Просто музыка для ушей.
Ладонь, которая прежде покоилась на теплой коже живота, ползет выше, тем самым задирая тонкий свитер. Пальцы зажимают маленький сжавшийся сосок, трут его, оттягивают, крутят…
И снова сплетение звуков, шорох ткани, приглушенные всхлипы и глухое трение плоти о влажную терку каменного пола.
Метр, и пальцы с обнажившимися фалангами коснутся черных кроссовок мышонка.
И Акира начинает отчаянно вырываться, извиваться, пытаясь выскользнуть из моих рук.
Тщетно. Только трение наших тел усиливается. Еще пара рывков, и он затихает, когда его попка оказывается вжатой в мой пах.
– Чувствуешь, как сильно я хочу тебя?
Новая волна липких мурашек, схлынувших за воротник водолазки. Вот она, реакция на мой голос, вибрирующий на его шее.
– Ты псих! Отпусти меня! – Вероятно, это должно было быть возмущенным воплем, если бы не было полузадушенным шепотом.
– И ты ненормальный – нормальному бы не понравилось.
– Мне не нравится!
Да ну… А это тогда что…
Вырываю фонарь из неверных заледеневших ладоней парня и откидываю его вправо, куда-то в сторону братика, и меня не заботит, поймает он или нет.
– Да какого хрена ты… Шики!!! – Ну наконец-то. Голос прорезался. Возмущенный вопль еще долго отражался от стен, стоило только плотно обхватить его член, обтянутый грубой тканью джинсов.
Твердый и мокрый от выступающей смазки, я уверен. Жаль, что я не могу взять тебя сейчас, только приласкать немного.

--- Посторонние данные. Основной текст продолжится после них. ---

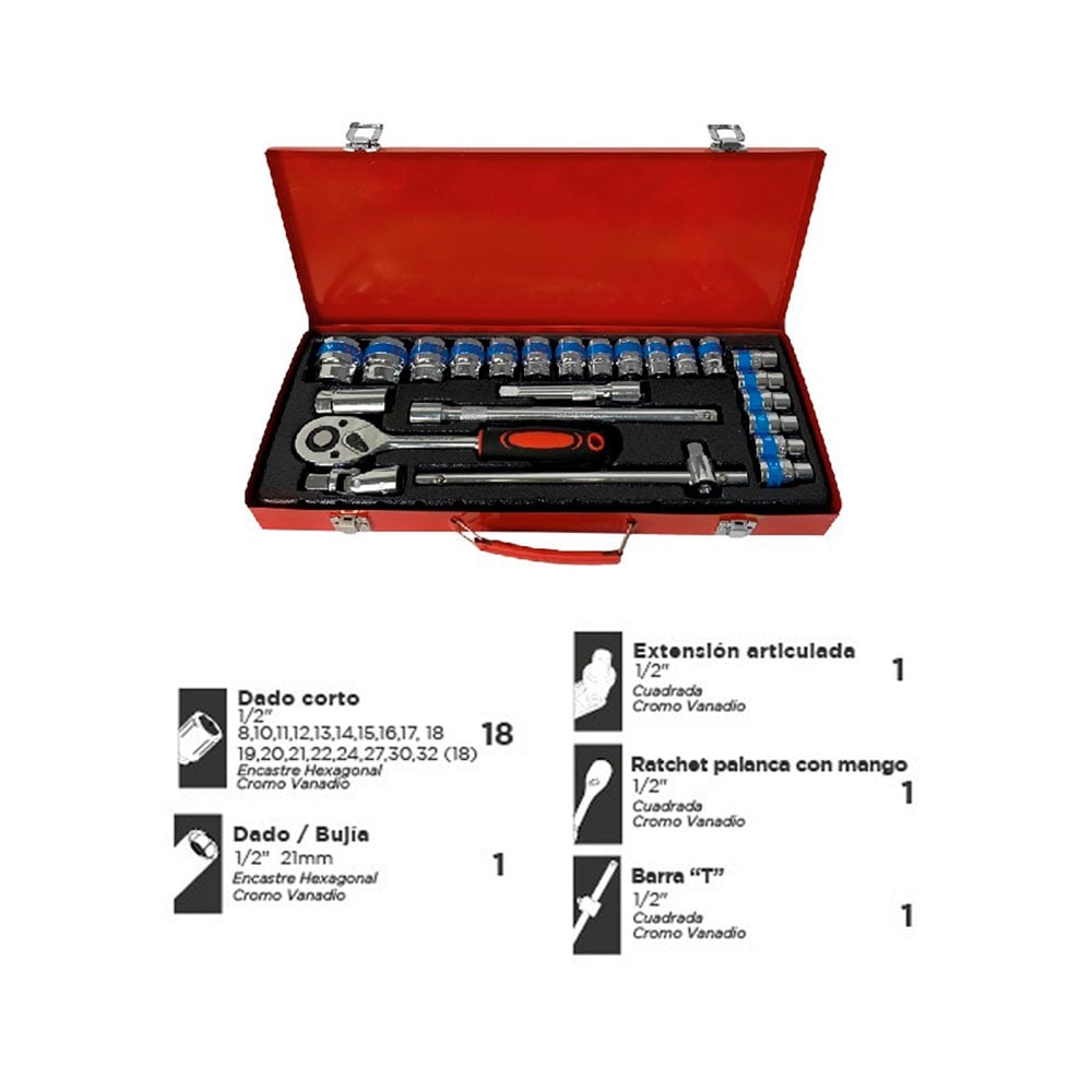 Juego de 24 piezas ideal para trabajos mecánicos y de mantenimiento general. Incluye una llave ratchet de 1/2″ y una variedad de dados y accesorios que permiten una gran versatilidad en tareas domésticas o profesionales.

Сжать пальцами другой руки выступающие скулы и запрокинуть голову, уложить макушку на свое плечо. И наконец-то найти пересохшие губы своими. Облизать их, поделиться влагой своего языка, протолкнуться в теплый ротик… В такт с ладонью, ритмично сжимающей его между ног.

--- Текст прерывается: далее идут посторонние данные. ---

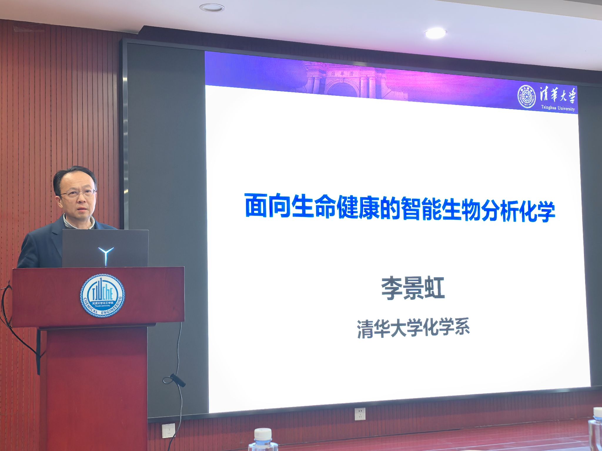 讲座伊始,李景虹院士深入浅出地介绍了生物分析化学领域的前沿进展,对复杂生命现象进行了科学而精准的解析。他详细阐述了人工智能为生命健康领域带来的颠覆性变革,从分子工具的创新、健康监测的智能化,到纳米药物的研发以及人工智能在实验分析中的交叉融合,全方位、多角度地展示了“AI+科学”的创新模式,为在场师生带来了极具启发性的新观念。

Мои губы глушат почти все звуки, которые он издает, но и без того упоительно вкусно. Интересно, приестся ли мне когда-нибудь это блюдо?

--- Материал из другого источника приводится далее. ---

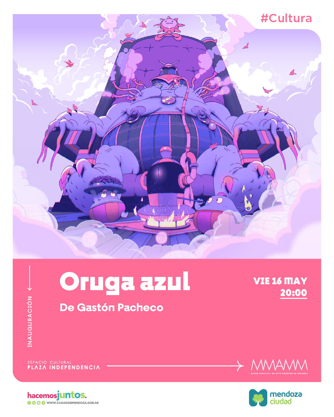Por otra parte, en la sala norte del teatro Quintanilla quedará abierta al público la muestra “Oruga azul”, del reconocido director de arte, diseñador de personajes e ilustrador, Gastón Pacheco, quien obtuvo grandes premios y reconocimientos como Customización de vinyl toys (Deego Toys), Cuadernos de autor “Premio Destapa” (Monoblock), entre otros.

Истеричный вопль и острые зубы.
Сученыш!
Недовольно отстраняюсь. И тут же замечаю раздувшийся трупак, все-таки ухвативший его своими цепкими остатками кисти за штанину.
Еще одно движение корпусом – и челюсти сомкнутся на такой желанной сладкой плоти.
Мне только кажется, или же оно действительно предвкушает это? Нарочно оттягивая это мгновение?
– Шики…
По-прежнему не даю отступить.
И вот оно. Последний рывок. Но вместо лодыжки обнажившаяся нижняя челюсть встречается с моим тяжелым сапогом. Откидываю назад и наконец, размыкая руки, подхожу ближе. Подгнившие мышцы легко рвутся, а отсыревшие кости легко деформируются. Когда-то крепкий череп становится частью плоского пола.
Мусор.
Даже омерзения не испытываю, так же, когда сминаю и выкидываю пустую бутылку из-под воды.
Оборачиваюсь и прикрываю глаза ладонью от раздражающего желтого пятна света.
– Ты, ты… придурок чокнутый! Вот ты кто, ясно?!
– А тебе не понравилось? Передернуть не успел?
С удовольствием наблюдаю, как алые пятна проступают на бледных щеках подростка. Хотел все-таки, значит, да?
Отлипает от стены и почти бегом устремляется вперед.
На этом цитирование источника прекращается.